The dispositive question on appeal thus isn't whether the district court's order could or did touch every Ehrenhaus base. Instead, it is and always remains whether we can independently discern an abuse of discretion in the district court's sanctions order based on the record before us. The Ehrenhaus factors may sometimes help illuminate that question, just as they sometimes may assist a district court in exercising its discretion. But a district court's failure to mention or afford them extended discussion does not guarantee an automatic reversal. And where, as here, the record shows that a party failed to comply with a document request and two court orders compelling production of materials within the party's control, we are convinced a district court does not abuse its discretion by dismissing the case or entering default as sanction, regardless whether and to what extent the Ehrenhaus factors found their way into the court's order.

Affirmed.

HARTZ, Circuit Judge, joined by Judge MURPHY, concurring:

I agree that the dismissal with prejudice must be affirmed. Although recital of an analysis of the Ehrenhaus factors is not mandatory before a district court dismisses with prejudice because of discovery violations, the court should provide an explanation of the need to dismiss with prejudice.

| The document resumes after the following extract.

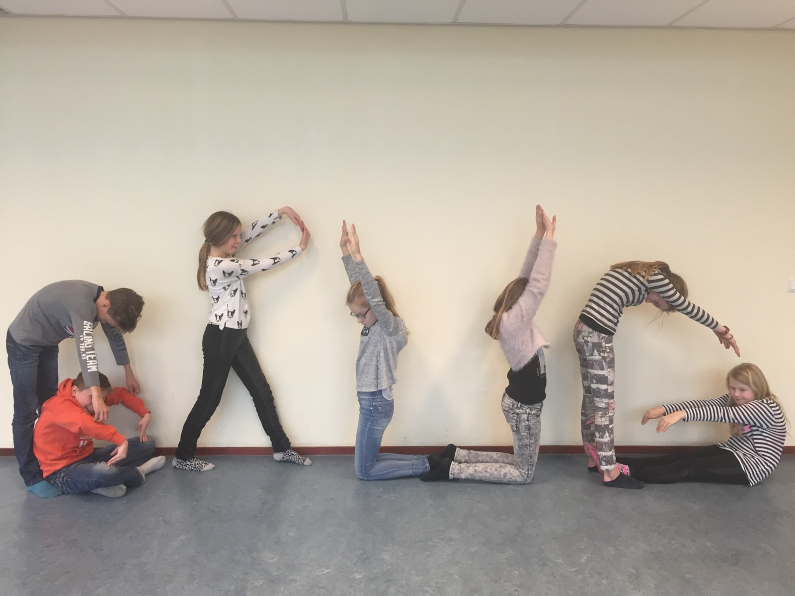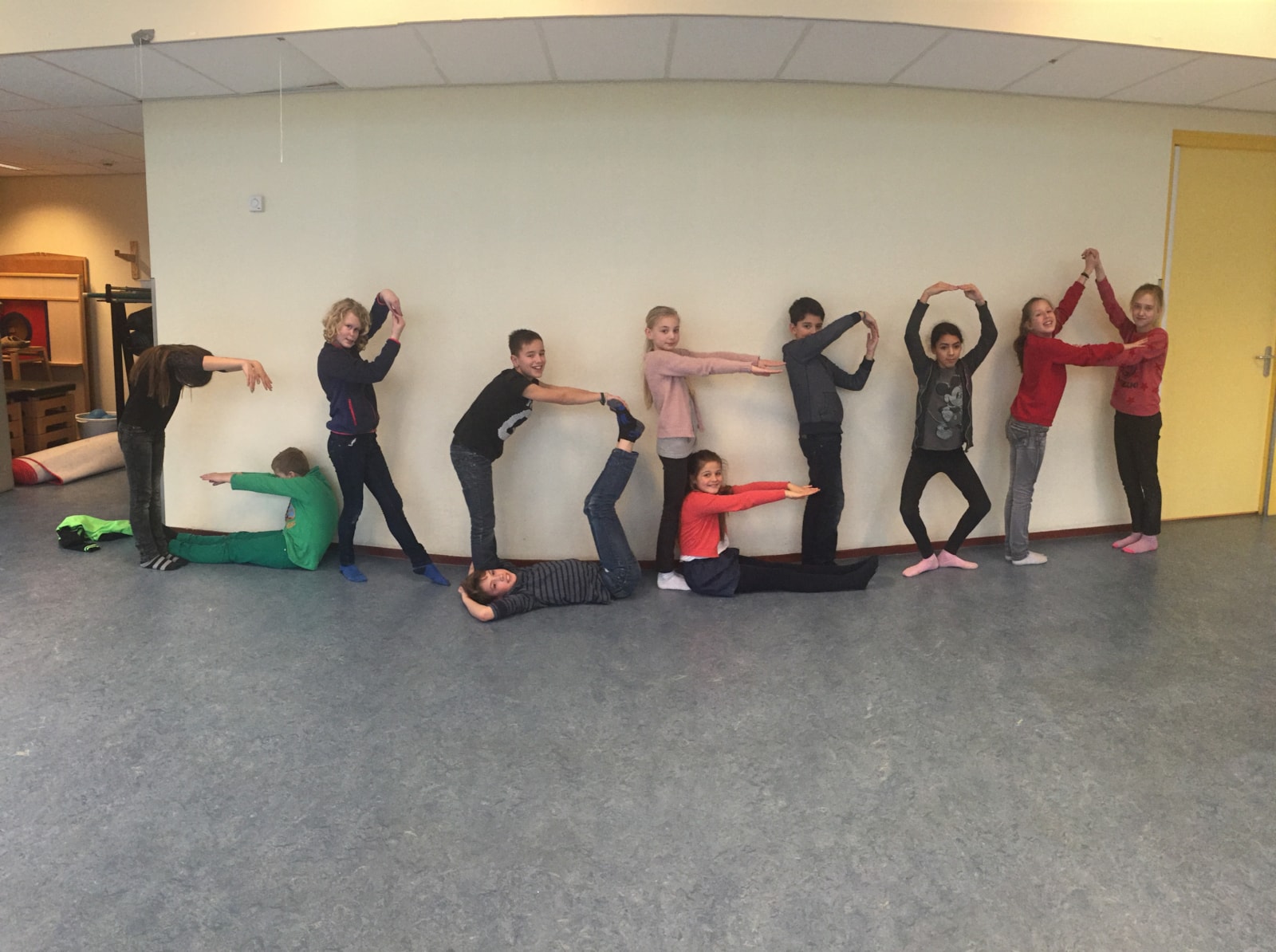 Elke vrijdagmiddag is voor groep 8A een feest! Eerst gymles van juf Moniqe en daarna dramales in de speelzaal. Er wordt van alles geoefend; tableau vivant (levend schilderij), slow-motion, korte toneelstukjes, groepsspellen enz.

In this case the explanation was inadequate, perhaps because of a justifiable frustration with the conduct of the plaintiffs. Nevertheless, that conduct was sufficiently egregious that I see no point in remanding to the district court to recite the obvious.

FootNotes


1. Because plaintiffs' declaration was offered on behalf of both Mr. Lee and PTK, and because the plaintiffs themselves have consistently urged the courts to treat them as "one and the same" for all purposes in this case, we have no difficulty treating the plaintiffs as one in our legal analysis here, as the district court did. Aplt.App. at 14-15.
2. The plaintiffs suggest that Procter & Gamble Co. v. Haugen, 427 F.3d 727 (10th Cir.2005) is inconsistent with these precedents. It is not. In Procter & Gamble we said simply that a district court "should ordinarily" evaluate the Ehrenhaus factors, and we reversed the district court's dismissal order because "not only did the district court fail to consider the Ehrenhaus factors," but, dispositively, "our own independent review suggest[ed]" that "the extreme sanction of dismissal was clearly inappropriate under the circumstances" and thus constituted an abuse of discretion. Id. at 738 (emphasis added). Our independent review in Procter & Gamble revealed an abuse of discretion because the plaintiff there (quite unlike the plaintiffs here) lacked control over and thus the ability to produce the requested data. Id. In Procter & Gamble we also repeated the unremarkable proposition that we may vacate a district court's sanctions order, much as with any other order, for further explanation when the district court record is so cryptic that it makes it "impossible" for us to conduct "our own independent review." Id. (citing Mobley v. McCormick, 40 F.3d 337, 341 (10th Cir. 1994) (reversing because a "short, three paragraph order" was insufficient to allow this court to "engag[e] in any meaningful review")). But our precedents make quite clear that a district court's failure to consider the Ehrenhaus factors doesn't automatically render our independent review impossible.